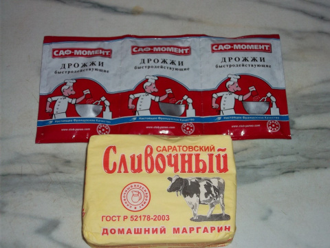 пачка маргарина(можно сливочное масло)-лучше всего маргарин "сливочный" в советской упаковке, желтенькая такая обертка, типа пергамент, если нет- можно любой маргарин для выпечки, дрожжи самые любые, главное блюсти пропорции, указанные на фантике.
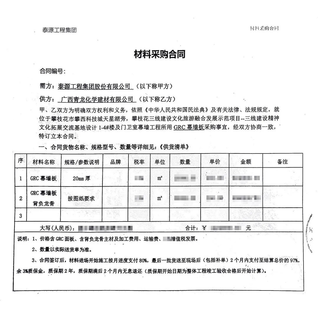 近日,經(jīng)過層層篩選,在與多家實(shí)力雄厚的單位激烈競爭后,青龍公司再次憑借優(yōu)質(zhì)的GRC構(gòu)件、豐富的行業(yè)經(jīng)驗(yàn),雄厚的技術(shù)力量和完善的服務(wù)體系,成功中標(biāo)攀枝花市三線建設(shè)精神文化拓展交流基地GRC幕墻供貨項(xiàng)目,合同金額1400余萬元。
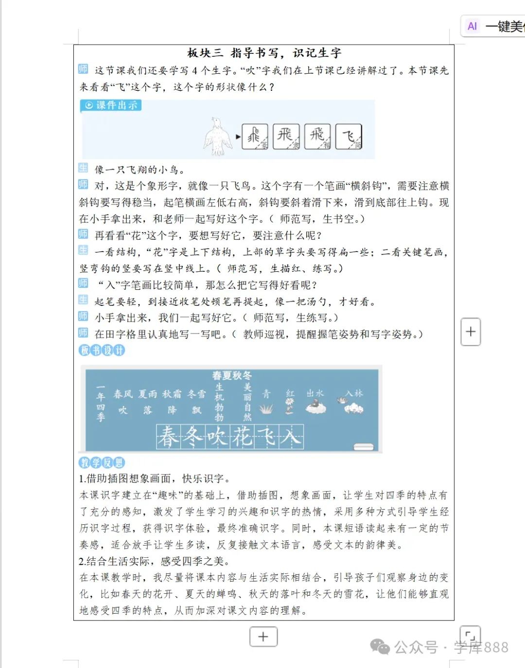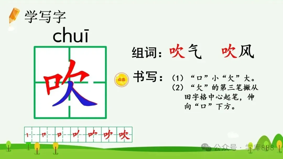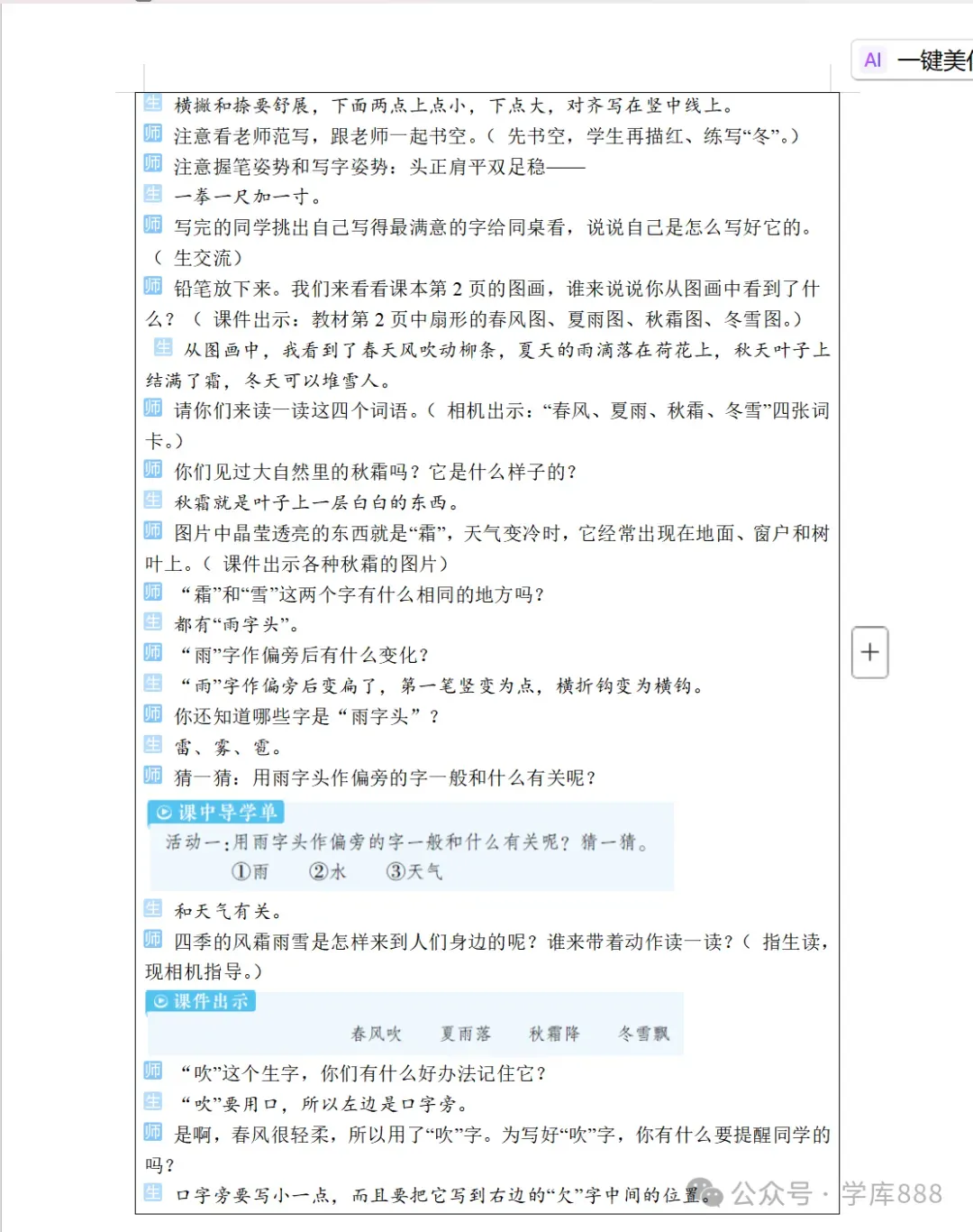 1.认识“霜、吹”等8个生字和雨字头1个偏旁,会写“春、冬”等6个字。
:::
#### HOW TO COMPLETE THIS TASK:
Restate word for word each line from the top of the listing down to and including the line that holds "近日,經(jīng)過層層篩". Drop any pictures.

#### TASK OUTPUT:
 пачка маргарина(можно сливочное масло)-лучше всего маргарин "сливочный" в советской упаковке, желтенькая такая обертка, типа пергамент, если нет- можно любой маргарин для выпечки, дрожжи самые любые, главное блюсти пропорции, указанные на фантике.
 近日,經(jīng)過層層篩選,在與多家實(shí)力雄厚的單位激烈競爭后,青龍公司再次憑借優(yōu)質(zhì)的GRC構(gòu)件、豐富的行業(yè)經(jīng)驗(yàn),雄厚的技術(shù)力量和完善的服務(wù)體系,成功中標(biāo)攀枝花市三線建設(shè)精神文化拓展交流基地GRC幕墻供貨項(xiàng)目,合同金額1400余萬元。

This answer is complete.